Japanese tech titan SoftBank Group disclosed Tuesday that its profit rallied 12 percent in the quarter to June as the group's investments provided it additional income, including revenues from its shares in U.S. telecoms firm, T-Mobile.
As a result of the quarterly rally, the Japanese investment and telecoms company said its total profits climbed to $12 billion (1.26 trillion yen), advancing from 1.1 trillion yen in the previous year.
The strong performance is welcome news for CEO Masayoshi Son, who has faced growing disapproval for his business strategy after Softbank's recent record declines.
Softbank's rally is largely down to increasing market valuations of its Vision Fund-backed investment in Slack and Uber, whose stock prices grew in the April-June quarter as tech stocks advanced despite massive lockdowns brought about by the coronavirus pandemic.
The group's latest fiscal year began in April when tech shares soared and its own stock price ballooned following a $23 billion share buyback agreement.
Son disclosed the group already has secured almost all the $41 billion (4.5 trillion yen) it had pledged to achieve within a year through asset sales, but he recognizes there are concerns regarding a resurgence of the pandemic.
SoftBank announced earlier that it was forming a new affiliate unit to conduct COVID-19 clinical trials and would prioritize its workers and staff of the SoftBank Hawks baseball team.

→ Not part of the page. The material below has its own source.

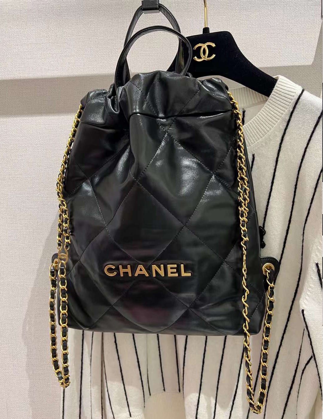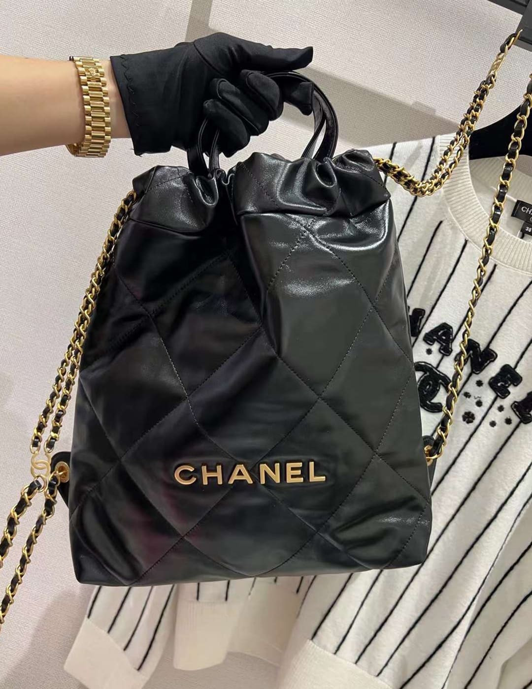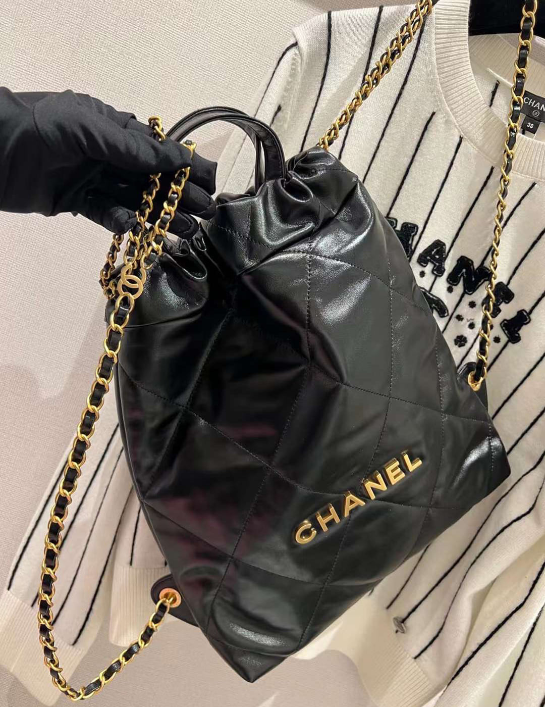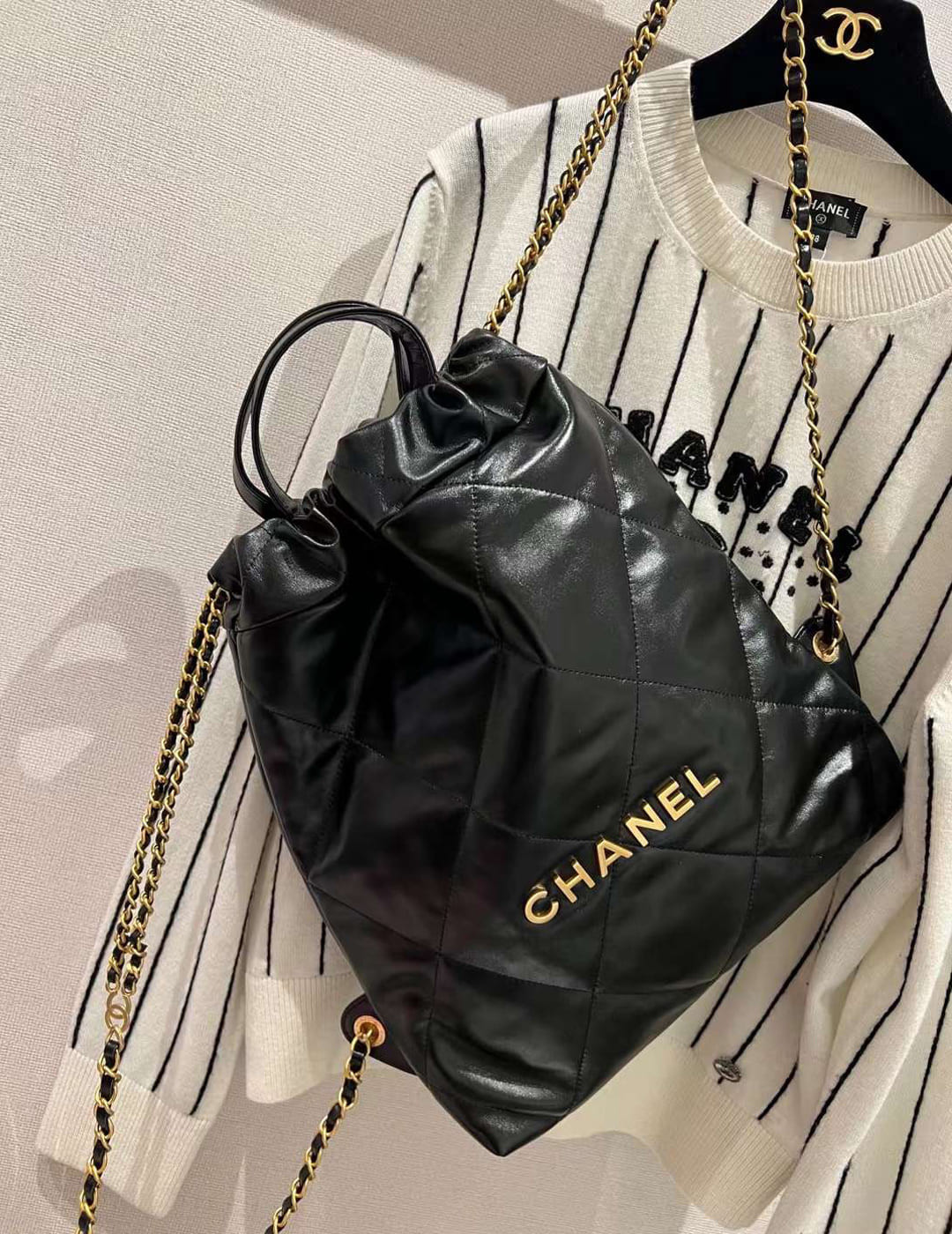 Chanel 22 Backpack in Black Shiny Calfskin AS3859
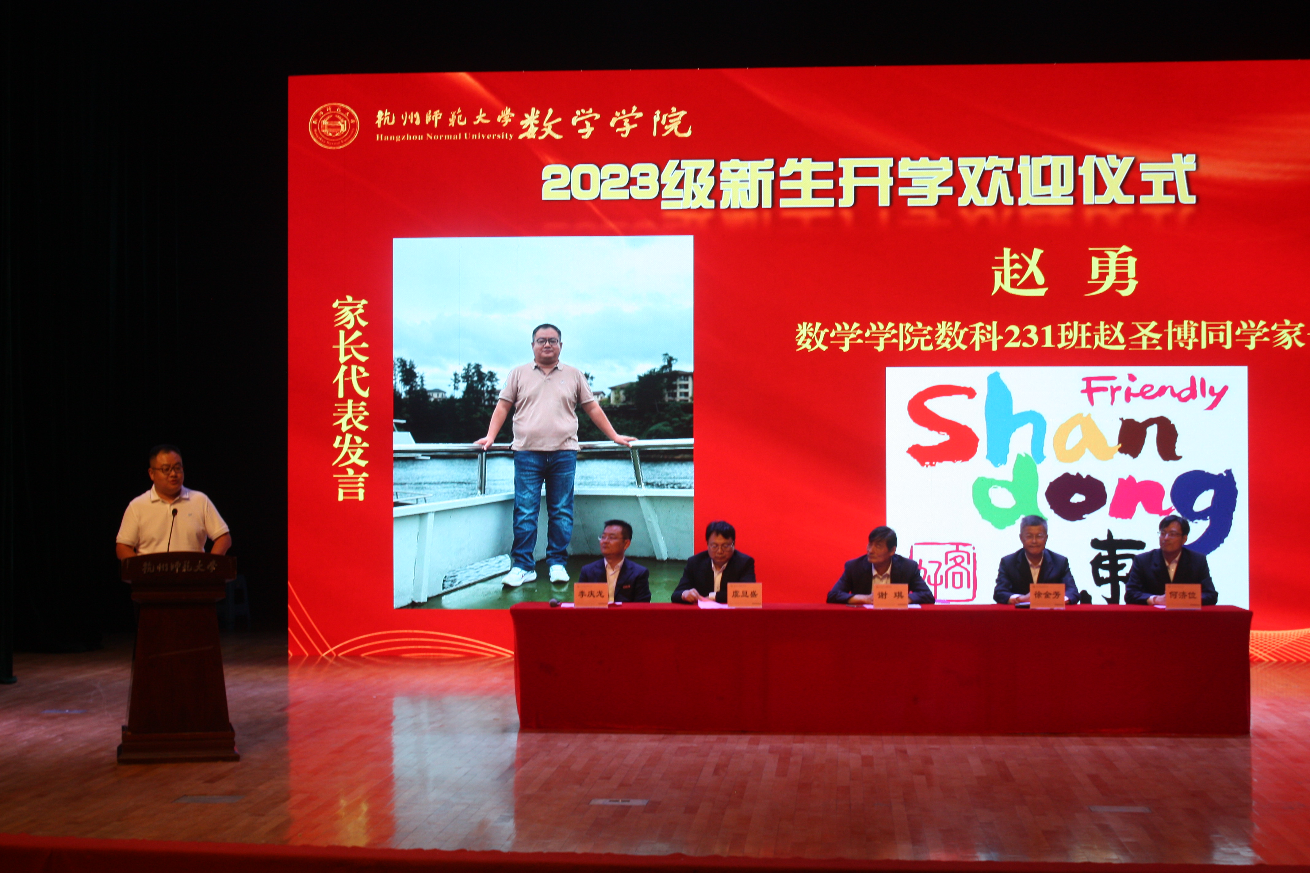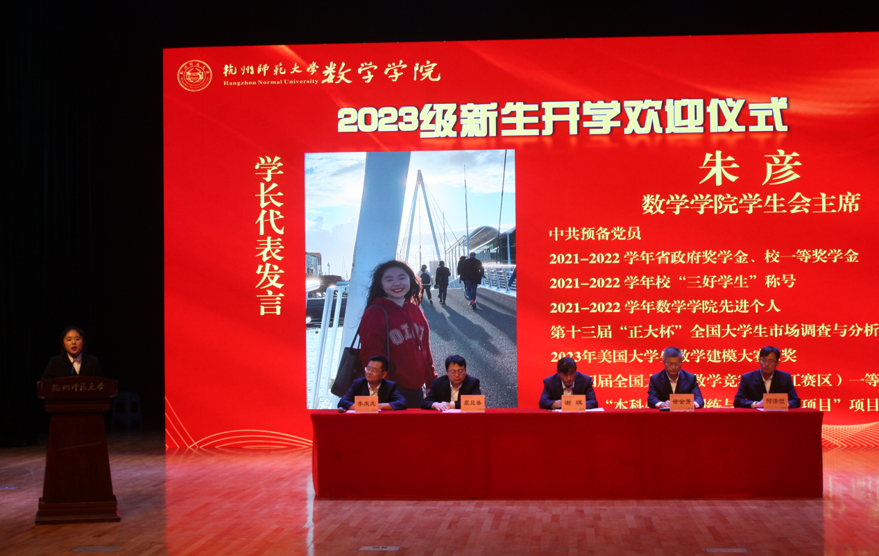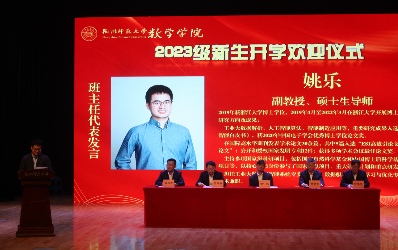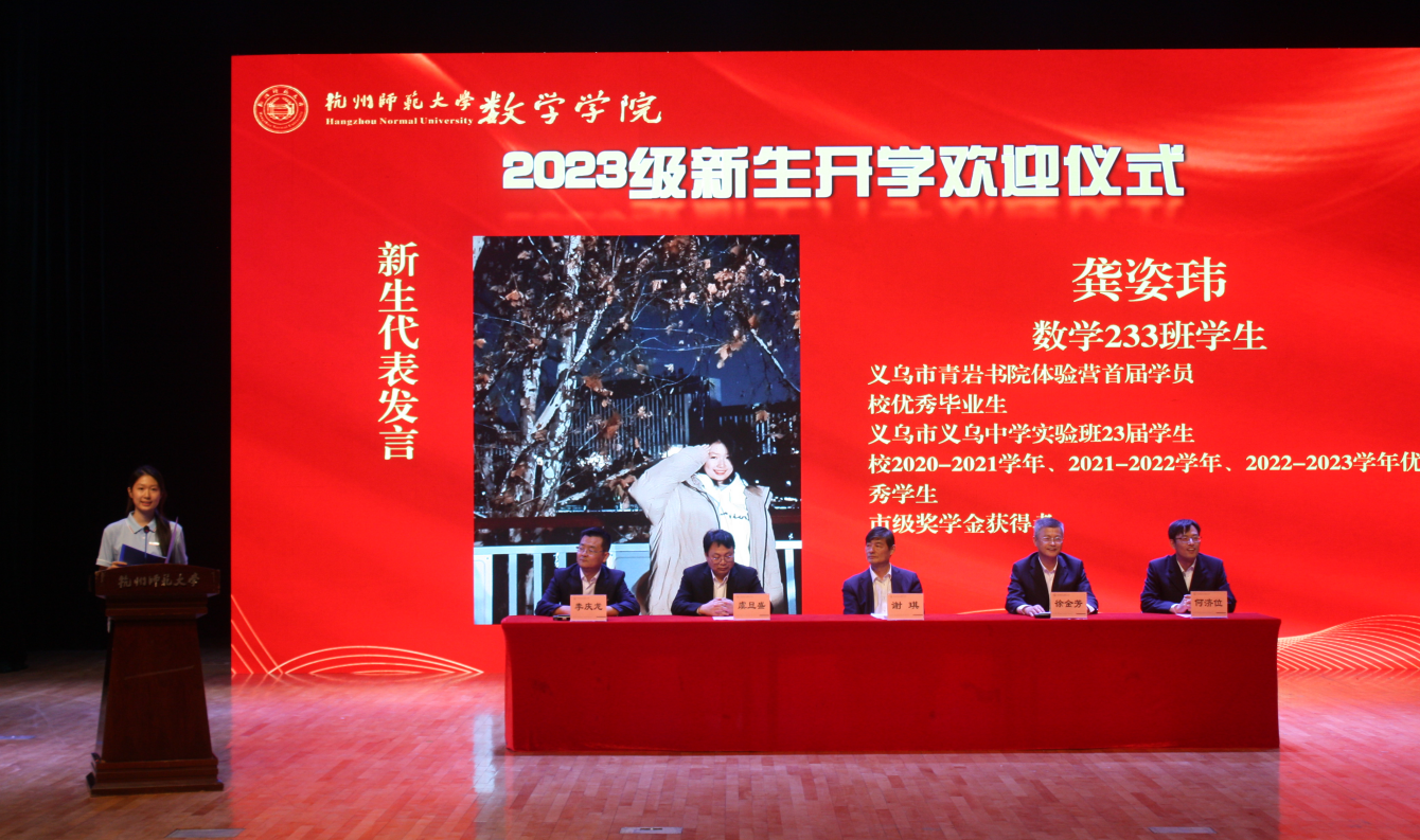 欢迎仪式上,院长谢琪教授热情洋溢地发表了欢迎致辞,向2023级新同学表示热烈的欢迎,向呵护养育、培养教育新同学们的父母和老师表示衷心的感谢。他说,恰逢杭州亚运会举办之际, 蜜桃视频 也作为亚运场馆见证了亚运金牌的诞生,在如此风景秀丽的城市读书、生活,是非常幸福的事情。 蜜桃视频 在百十年来,涌现出著名数学家、教育家陈建功先生等各领域成绩斐然的杰出校友,培养了国家千人、长江学者、国家杰青等知名学者和一大批中学名师和名校长。一代又一代杭师大数学人弘文励教、青蓝相继,知数明德、弦歌不辍。院长谢琪教授勉励大家发扬科学精神、肩负起报效国家的责任,发现数学之美,不负韶华,成为一名优秀的数学人。

Meanwhile, Softbank's Vision Fund's results have been further lifted by fresh IPOs in the U.S. Housing insurance company Lemonade, which SoftBank supported with a $300 million funding, is now worth more than $1 billion.
SoftBank said it is also looking into a sale of British semiconductor developer Arm Holdings, one of Softbank's most prominent assets, The Wall Street Journal said.
Brightstar Corp., a U.S. wireless service operator, also comprises Softbank's diverse portfolio of assets. Meanwhile, SoftBank registered a loss in the year ended March. The company did not offer an estimate for the current fiscal year ending in March next year.